Highlights: Men's fashion, the revenge of neutrals, from cream to ice - Moda. In an age of over-exposure, luxury is discretion. Next winter will be marked by a sophisticated, but discreet men's fashion. Light shades on sweaters, suits, blazers and even down jackets. New winter textures chase the beauty of the Nordic landscape on enveloping fabrics and cold-proof garments. The reference to Scandinavian design participates in the play of weights between luxurious materials and structures in wool, alpaca and mohair.


In an age of over-exposure, luxury is discretion. (ANSA)


In an age of over-exposure, luxury is discretion. And if 'quiet luxury' is already defined as a trend of the past, next winter will be marked by a sophisticated, but discreet men's fashion, which loves the purest tailoring with comfortable blazers to wear from morning to night, suits (even three-piece), lots of velvet and contaminations from snowy Nordic landscapes. The colour palette undergoes a turning point, with the revenge of neutrals (also in the total look version) that relaunch a bright winter. Among the more than 800 companies at Pitti Uomo 105, which closes today in Florence and passes the baton to Milan, there is a common trend regarding the season's colours: no longer just intended for mountain clothing, sober and neutral mellow tones are the new protagonists of the men's wardrobe for autumn/winter 2024/25. Welcome, then, light shades on sweaters, suits, blazers and even down jackets. From ivory to oats, from cream to ice, from optical white to butter and caramel, neutrals are the new black, to be worn from morning to night, even on formal occasions.

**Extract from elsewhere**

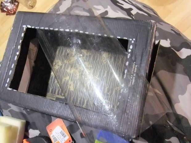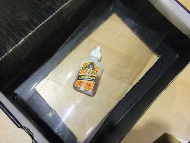 Poner pegamento gorila sobre los bordes dentro de la caja y colocar el rectángulo de plástico, luego usé algunos pesos para mantener en su lugar el plástico
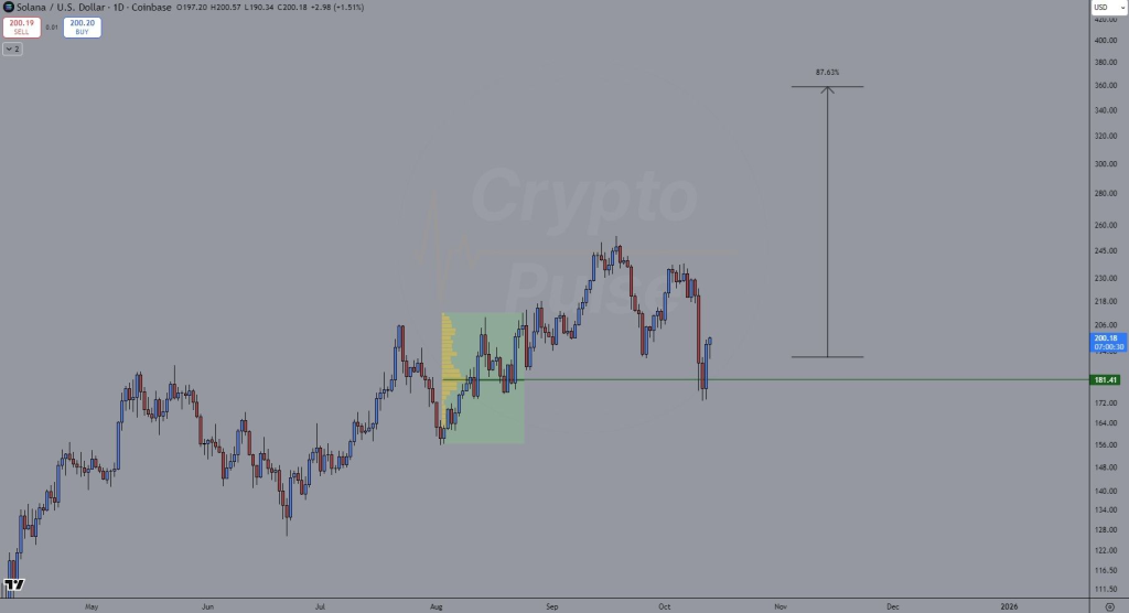 On the daily chart, Solana’s price has found consistent footing near the $200 zone, a level that has acted as both resistance and now support. The green line on the chart – around $181.41 – marks the lower boundary of this broader support region. Each time price dips near it, buyers have stepped in, keeping the broader uptrend intact.

New winter textures chase the beauty of the Nordic landscape on enveloping fabrics and cold-proof garments. The reference to Scandinavian design participates in the play of weights between luxurious materials and structures in wool, alpaca and mohair. This applies to suits (the three-piece is also making a strong comeback), to the new oversized blazers (even in neutral-toned tweeds), but also to trousers, outerwear and shearling. With velvet as the great protagonist of the season in both the smooth and corduroy versions. Knitwear is also involved, but it will have voluminous shapes: the enveloping shell of cashmere, the compactness of merino wool and the skilful blends of cashmere-silk-wool welcome processes that enhance the peculiarities of each individual garment, in soft shades and with fairytale references (here with contrasting natural grays and beiges). Also seen at the show were many inlaid pullovers, pastel turtlenecks and diamond sweaters in wool-cashmere. That explorers' nostalgia is also back, bringing back the contaminations from the world of the mountains, trekking, and outdoor life even when the temperature drops below zero. Thinking about adventures between rocks and glaciers, fashion designs garments perfect for expeditions to the North Pole: waterproof and windproof techno-fabrics, multifunctional outerwear made unique by shiny and wrinkled surfaces. Everything converges in collections based on high-tech high-performance fabrics, where the concept of outdoor disciplines textures created for activities such as hiking and trekking: cargo, techno-vests, versatile weatherproof jackets enliven the outfit even in everyday life, in the city and in nature.
On this issue, the founding values such as respect for the planet remain strong, with many green collections born from recycling and upcycling activities, attentive to efficiency in water and energy consumption. Here, too, the color palette is inspired by snow-capped nature, smoky mountains, fog and wild coasts. The only pops of color are earthy tones of moss green and stone gray, storm blue, and a few flashes of orange.